Since then, I’ve taken on an in-depth reeducation, reading books, visiting sites and listening to Native voices such as Vine Deloria Jr. (Standing Rock Sioux), the historian and Lutheran School of Theology at Chicago alum. I’ve learned that my family told only part of our story and left out important truths. Truths that are hard to face.
Our pioneer story was written as a myth—an American myth of settlers who understood that it was only common sense and justice that the Indians move west so white people could claim the land for themselves. The ELCA’s “Repudiation of the Doctrine of Discovery” (2016) was an important step in “[acknowledging] and [repenting] from this church’s complicity in the evils of colonialism in the Americas, which continue to harm tribal governments and individual tribal members.”
Seeing from the cross
In the process of grappling with my family history, I’ve found the Lutheran theological tradition helpful. Martin Luther’s call for theologians of the cross to “call a thing what it actually is” opens a path for inheritors of white settler history to confess the truth. Such a confession implies seeking out and learning the truth, writing a truer story of oneself and engaging in acts of repair.
A good place to start is Luther’s famous articulation, in his Heidelberg Disputation (1518), of the difference between theologians of glory and theologians of the cross: “A theologian of glory calls evil good and good evil. The theologian of the cross calls the thing what it actually is.”
To understand how Luther’s claim relates to settler colonialism and postcolonial critique, I turn to Lutheran theologian Vítor Westhelle.
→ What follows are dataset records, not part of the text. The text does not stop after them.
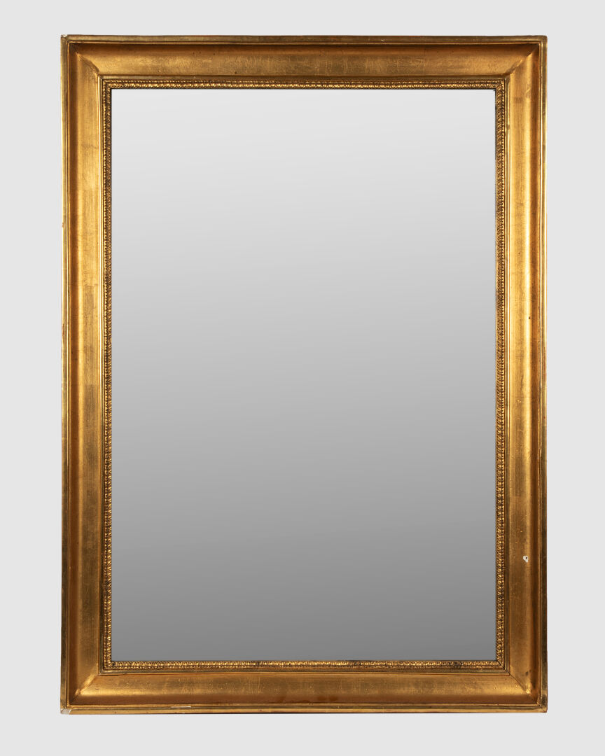 Miroir rectangulaire à encadrement de bois et stuc doré à décor de frise de raies de coeur Travail XIX° Sauts de matière et oxydations 96 x 69 cm
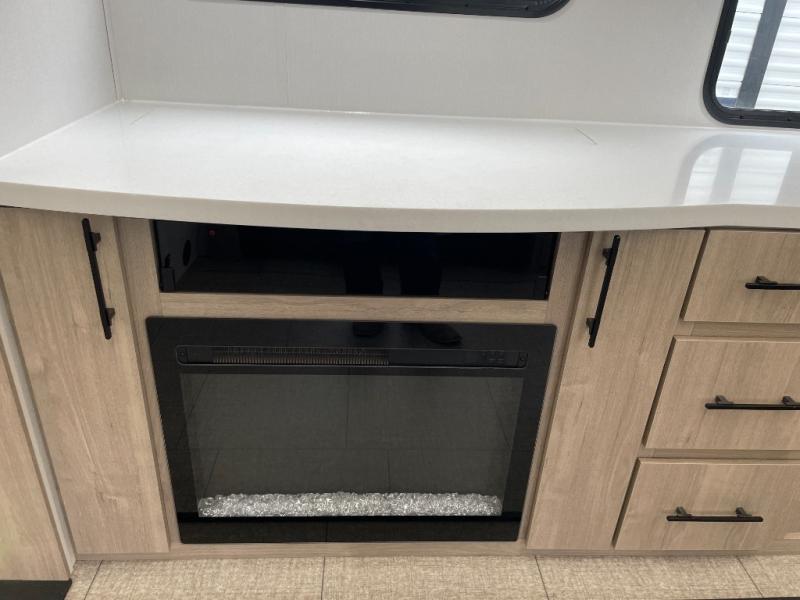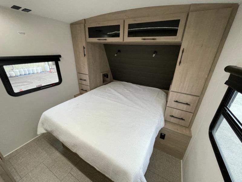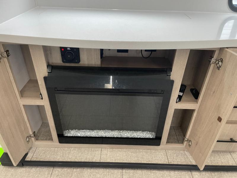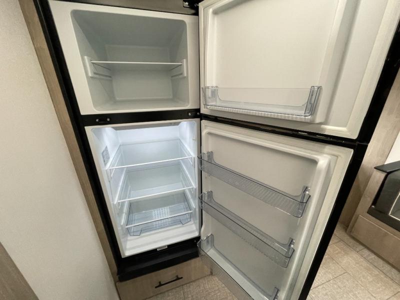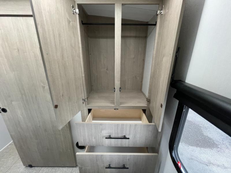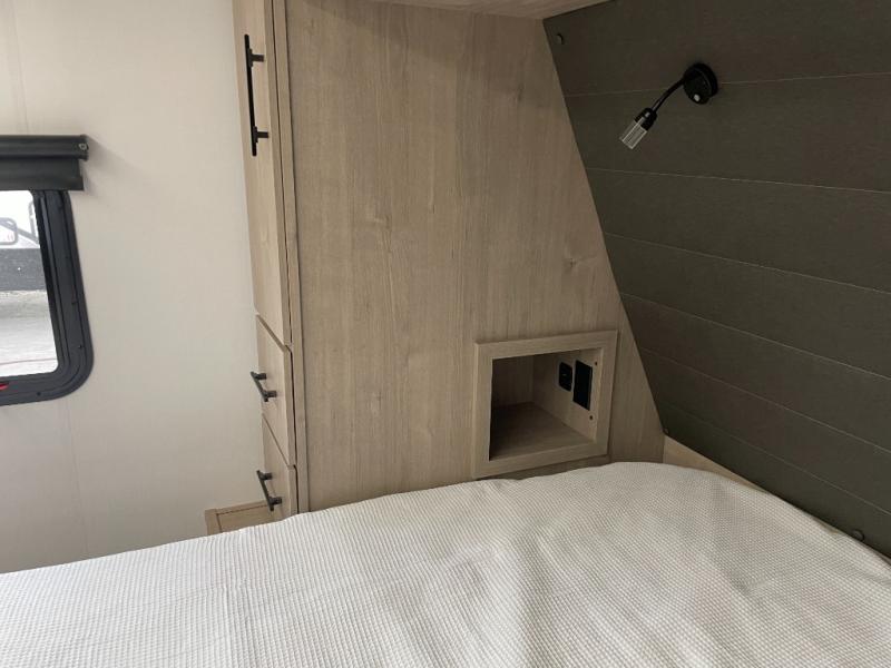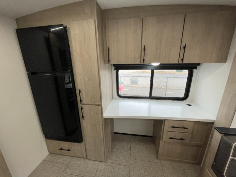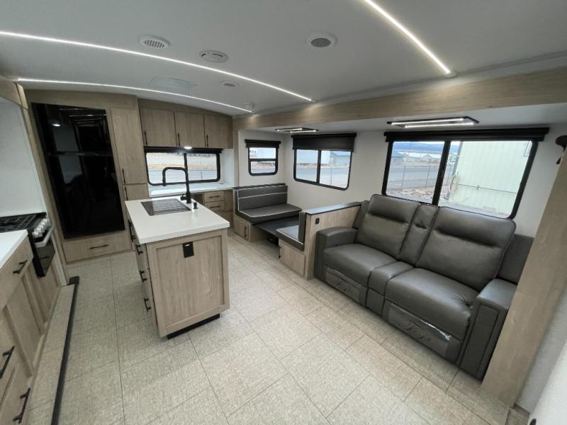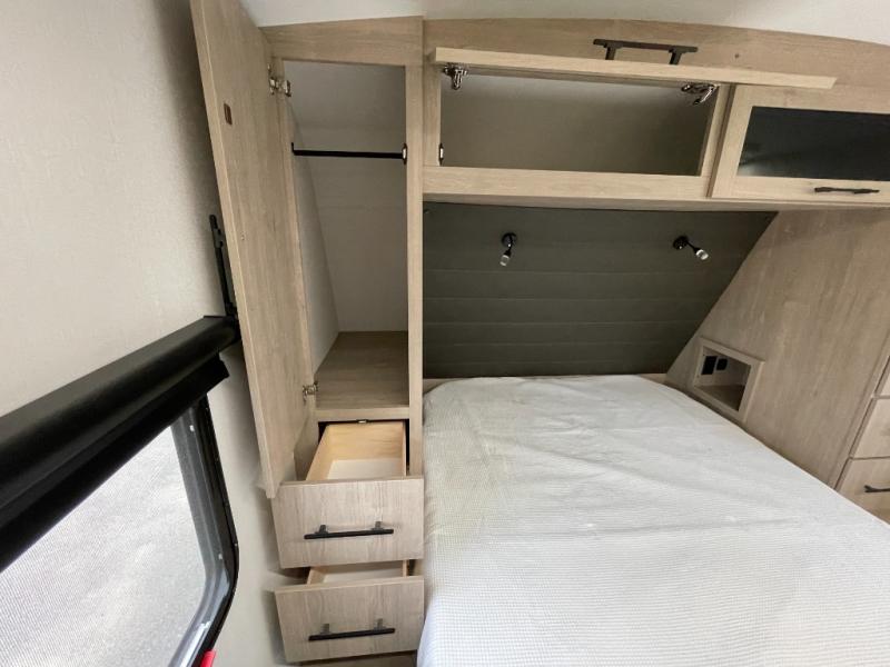 With this Imagine travel trailer, you can work while you're on the road because it offers you a desk in the main living area. You won't have to miss out on the action since you'll be right next to the booth dinette and tri-fold sofa, and there is even a pantry directly to the left of the desk for you to grab a quick snack while you're working. Once you're done with work, you can relax on the tri-fold sofa while you watch the telescoping LED HDTV, and the private bedroom offers you a 60" x 80" queen bed to rest on when you're ready to call it a night.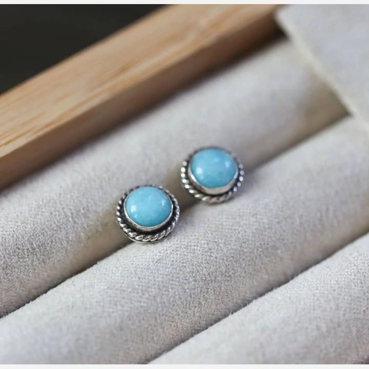 نگین های امازونیت طبیعی و معدنی کار شده در این گوشواره به شکل گرد بسیار زیبا و خوشرنگ میباشند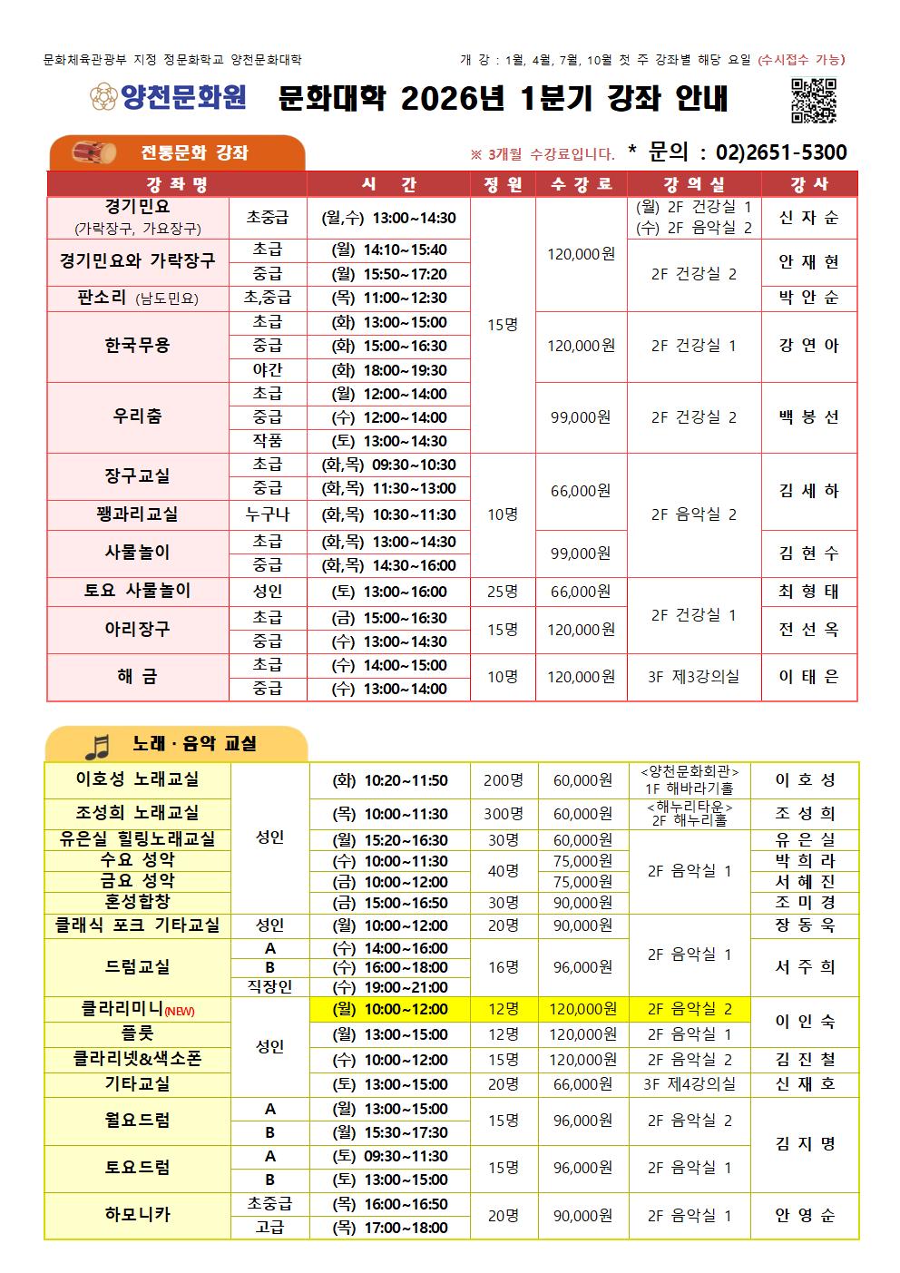 | 2025년 1분기 문화대학 종합강좌 안내 (신규강좌 포함) (0) | 2025.01.20 |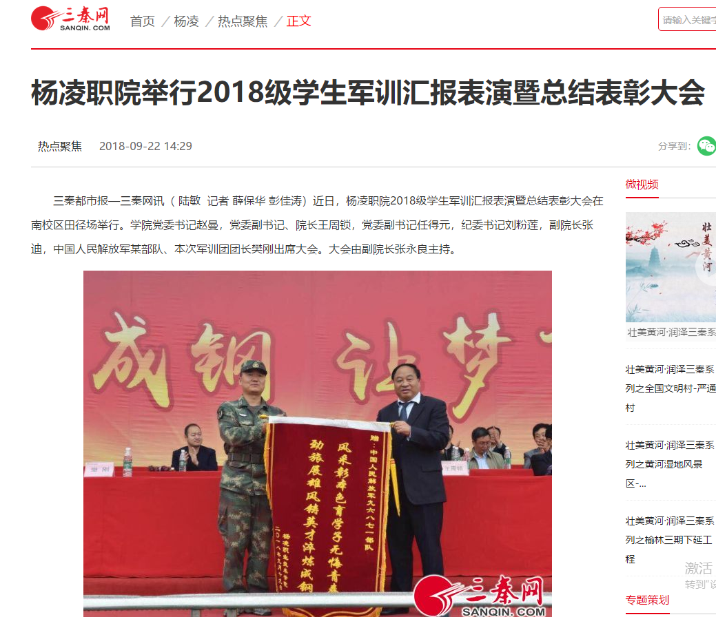 三秦都市报—三秦网讯( 陆敏 记者 薛保华 彭佳涛)近日,杨凌职院2018级学生军训汇报表演暨总结表彰大会在南校区田径场举行。学院党委书记赵曼,党委副书记、院长王周锁,党委副书记任得元,纪委书记刘粉莲,副院长张迪,中国人民解放军某部队、本次军训团团长樊刚出席大会。大会由副院长张永良主持。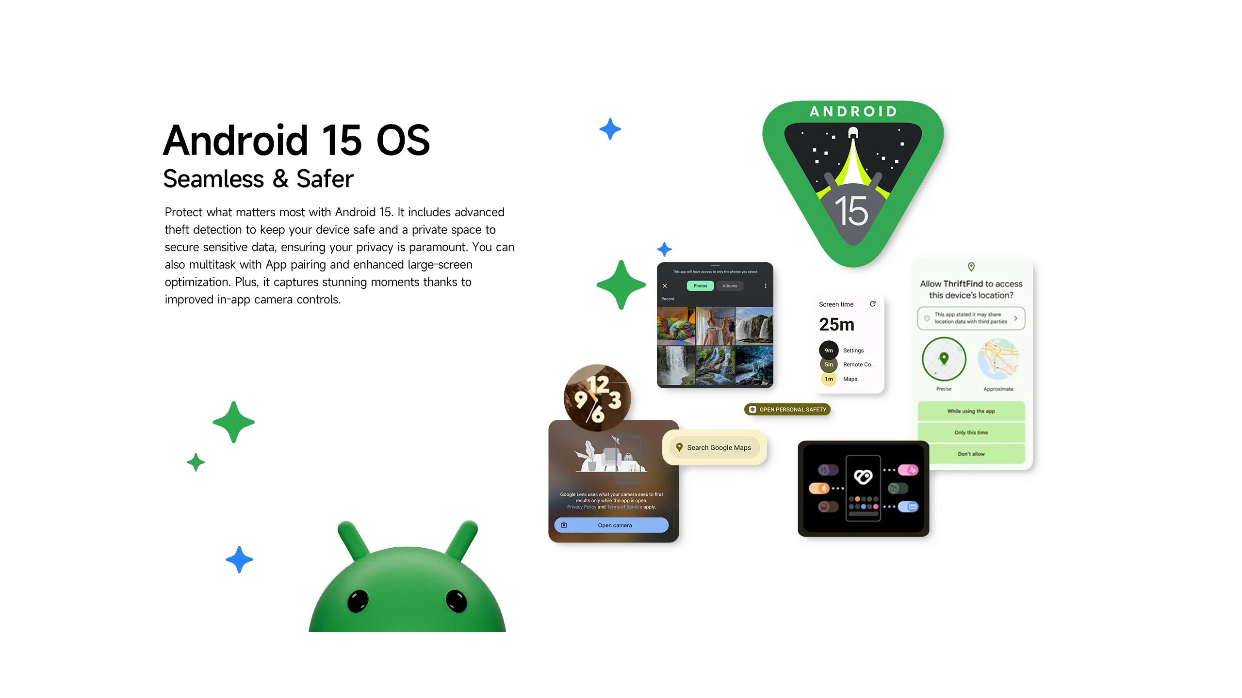 Proteja lo que más importa con Android 15.Incluye detección de robo avanzada para mantener su dispositivo seguro y un espacio privado para asegurar datos confidenciales, garantizando que su privacidad sea primordial.También puede realizar múltiples tareas con el emparejamiento de aplicaciones y la optimización mejorada en pantalla grande.Además, captura momentos impresionantes gracias a los controles mejorados de la cámara en la aplicación.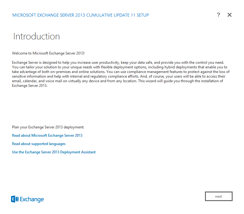 Figure 10. Introduction screen of the Microsoft Exchange Server 2013.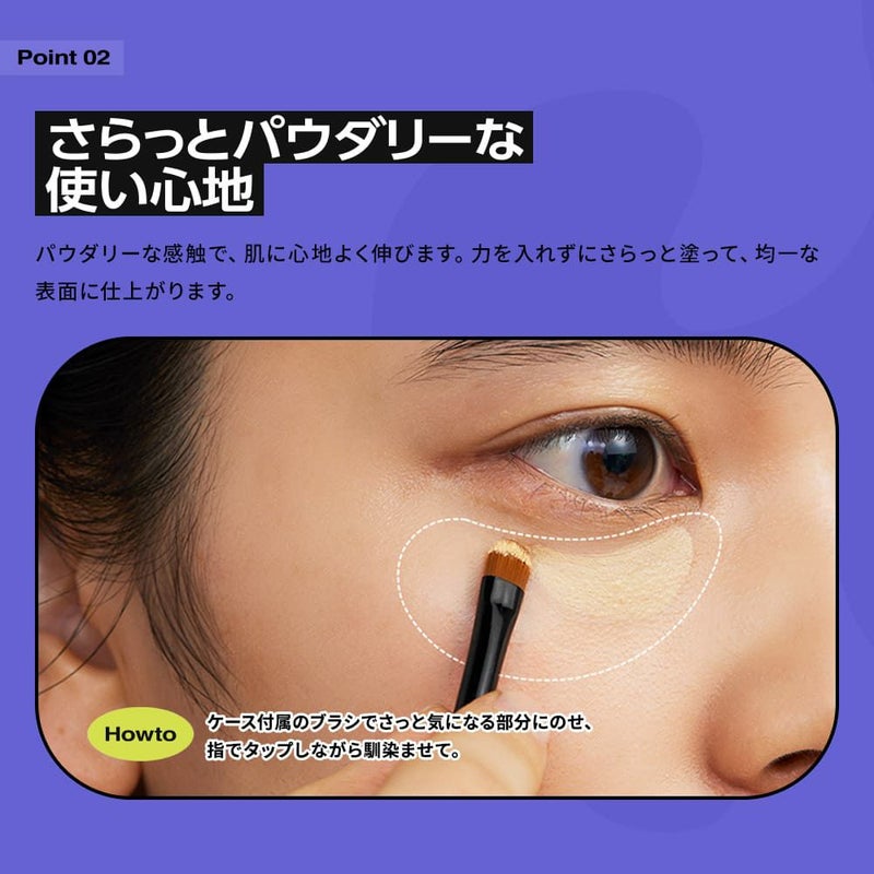 SPF15/PA+++ ブルーライトを軽減。 ホホバ油とシア脂のW 保湿成分でなめらかに目もとを保湿。 パウダリーな仕上がりと、ベタつきにくいオイルで簡単にオフ。 別売りの専用ケースにセットしてご使用ください。 ■Plus Y イエベ向けナチュラルオレンジベージュ。 とろけてさらっと密着クマを自然にカバー。 ■Plus B ブルベ向け血色ピンクベージュ。 とろけてさらっと密着クマを自然にカバー。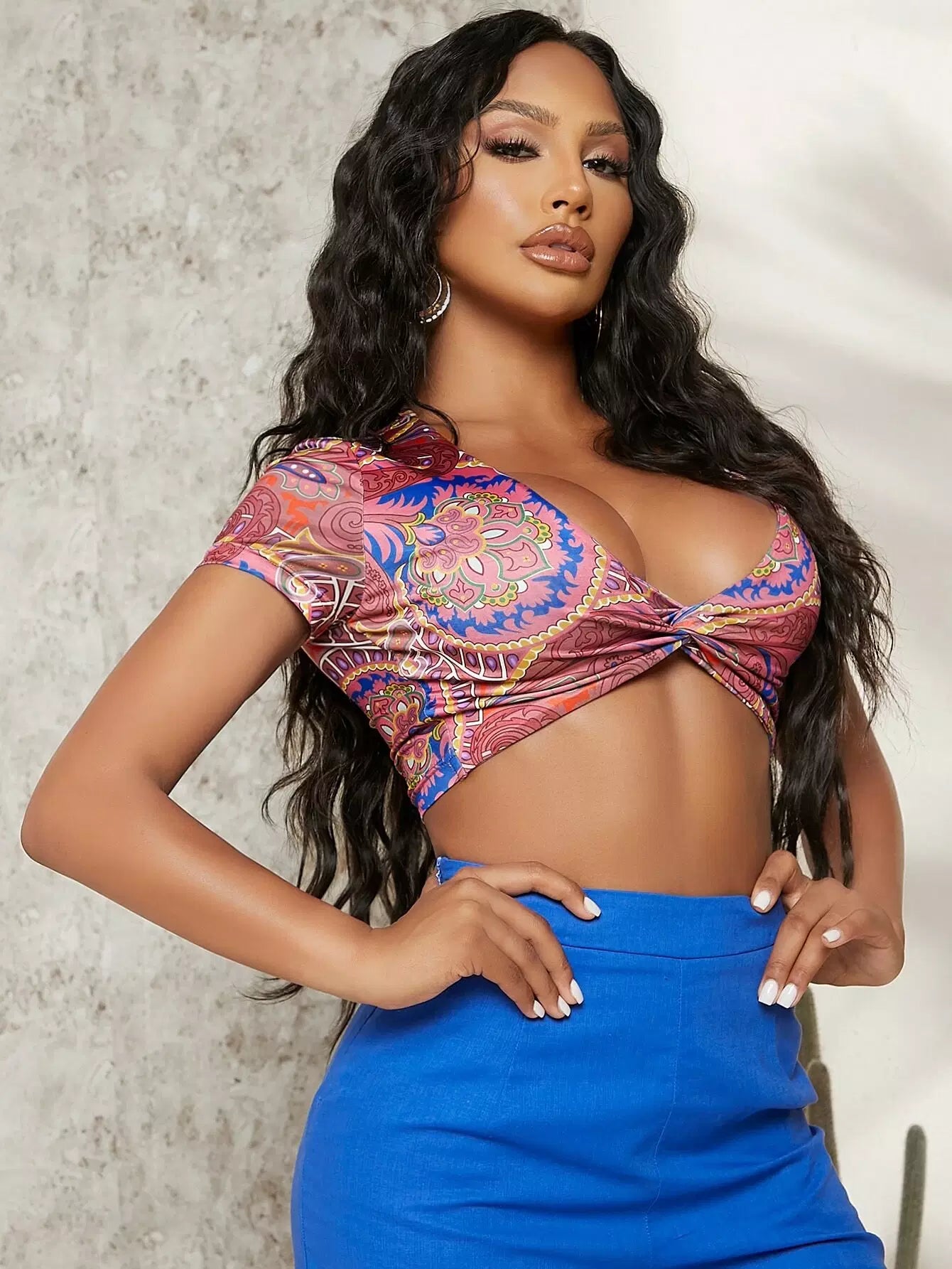 Twist Front Paisley Print Crop Top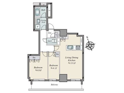 2LDK / 56.33㎡ / 18階

He describes a Lutheran theology of the cross not as being about the cross but as being done from the cross.
In his book The Scandalous God: The Use and Abuse of the Cross (Fortress, 2006), Westhelle outlines three positions for theological reflection in relation to the cross: those on the cross, crucified; those nearby who mocked the crucified; and those who fled, only to meet Christ later, as two did on the road to Emmaus.
Vítor Westhelle describes a Lutheran theology of the cross not as being about the cross but as being done from the cross.
The first, Westhelle writes, is the point of view of those who cry from upon crosses even today, such as Native peoples who refuse to call evil good and who name directly the harm done to them. The second position denies this suffering, instead calling evil good. Too often, inheritors of white settler history are in this position, telling their family story without reference to the violent removal of Indigenous peoples from the land their family claimed as their own. But in the third, Westhelle writes, Christ himself can transfigure our sight and help us to see the truth, as happened on the road to Emmaus.
This is the position of transformation, of being converted to see from the cross in solidarity with all who suffer. Many privileged, white Christians like me do not inherently see from the cross—from the point of view of the “crucified people” of this age. Yet when those with privilege listen to and empathize with those who do suffer, they too can join in being theologians of the cross, calling a thing what it actually is and taking steps to repair the causes of the suffering.
I can’t change the story my ancestors told about our pioneer history. But in my life and actions, I can write a new story, one that centers repairing past harm and encourages just actions in new relationships. We are invited to open our hearts, eyes and minds to the conversion Christ offers us, seeing anew from the vantage point of the cross.